Run baseline + 3 ablations. Ideally 3 runs each (LLM non-determinism), 1 run each is acceptable for a quick scan.

Output a comparison table:

```
            Format   Reasoning   Tone   Notes
Baseline      ✗        ✓          ✓      misses JSON close brace
Ablation A    ✓        ✓          ✓      fixes format, reasoning preserved
Ablation B    ✓        ✓          ✗      tone shifted formal
Ablation C    ✗        ✓          ✓      change didn't help
```

Pick the winner. If multiple ablations help different things, the next step is composing them — but do that as a NEW iteration, not in this skill.

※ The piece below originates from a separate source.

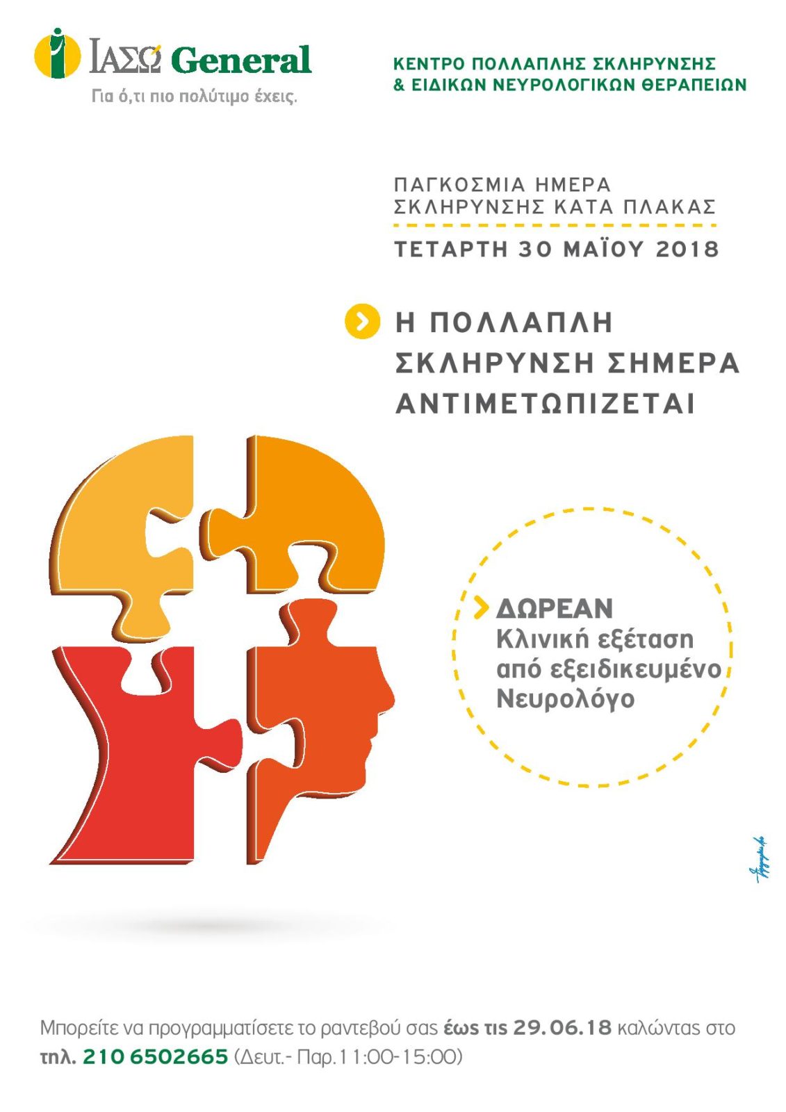 Mε το αισιόδοξο μήνυμα «Η πολλαπλή σκλήρυνση σήμερα αντιμετωπίζεται» το Κέντρο Πολλαπλής Σκλήρυνσης και Ειδικών Νευρολογικών Θεραπειών του ΙΑΣΩ General, με αφορμή την Παγκόσμια Ημέρα Σκλήρυνσης κατά Πλάκας, προσφέρει Δωρεάν κλινική εξέταση από εξειδικευμένο νευρολόγο.

### Step 6 — Save the result

If the user wants the winning prompt saved, write it as a new version (don't overwrite the working one). Note the change in 1 line:

```
v2: tightened format instruction in system prompt (Ablation A)
```

## Calibration for FUEL

- **Versioning matters.** Don't overwrite the working version. Save winning ablations as new files (`prompt.v2.md`, `prompt.v3.md`).
- **LLM non-determinism is the enemy of measurement.** Run each ablation at least twice if possible. One-shot results lie.
- **Watch the model version.** A prompt that worked on Sonnet 3.7 may behave differently on Sonnet 4.5. Note the model in any saved version.
- **Cross-platform check:** if a prompt is meant to work in both Claude Code and the API, ablations should run in both — system prompt handling differs.

## What to avoid

- **No multi-variable ablations.** "Try changing the system prompt AND the examples" is the failure mode this skill exists to prevent.
- **No skipping the success definition.** "I'll know it when I see it" is how you end up in vibe-mode.
- **No running ablations before listing all 3.** Otherwise you'll cut the list short after the first one works and miss a better one.
- **No claiming success on n=1.** LLMs vary run-to-run. If you can only run once, say so honestly.

## Example output (abbreviated)

```markdown
# /prompt-fix — research-helper.md

## Failure mode
Output sometimes includes markdown code fences around the JSON, breaking the downstream parser.

## Success looks like
Pure JSON, no fences, no preamble:
{"angles": [{"title": "...", "thesis": "..."}]}

## Hypotheses
1. System prompt doesn't explicitly forbid code fences.
2. Few-shot example uses fences in its display format.

## Ablations
- Baseline: as-is
- A: add line "Output raw JSON only. Do not wrap in code fences." to system prompt
- B: rewrite few-shot to show output without fences
- C: lower temperature 0.7 → 0.3

## Results (3 runs each)
            Fences   Format   Reasoning
Baseline    2/3 yes   ✓        ✓
A           0/3 yes   ✓        ✓     ← winner
B           1/3 yes   ✓        ✓
C           0/3 yes   ✓        ✗     reasoning got rigid

## Pick
Ablation A. Save as research-helper.v2.md.
```

That's the shape. Single-variable, measured, no vibes.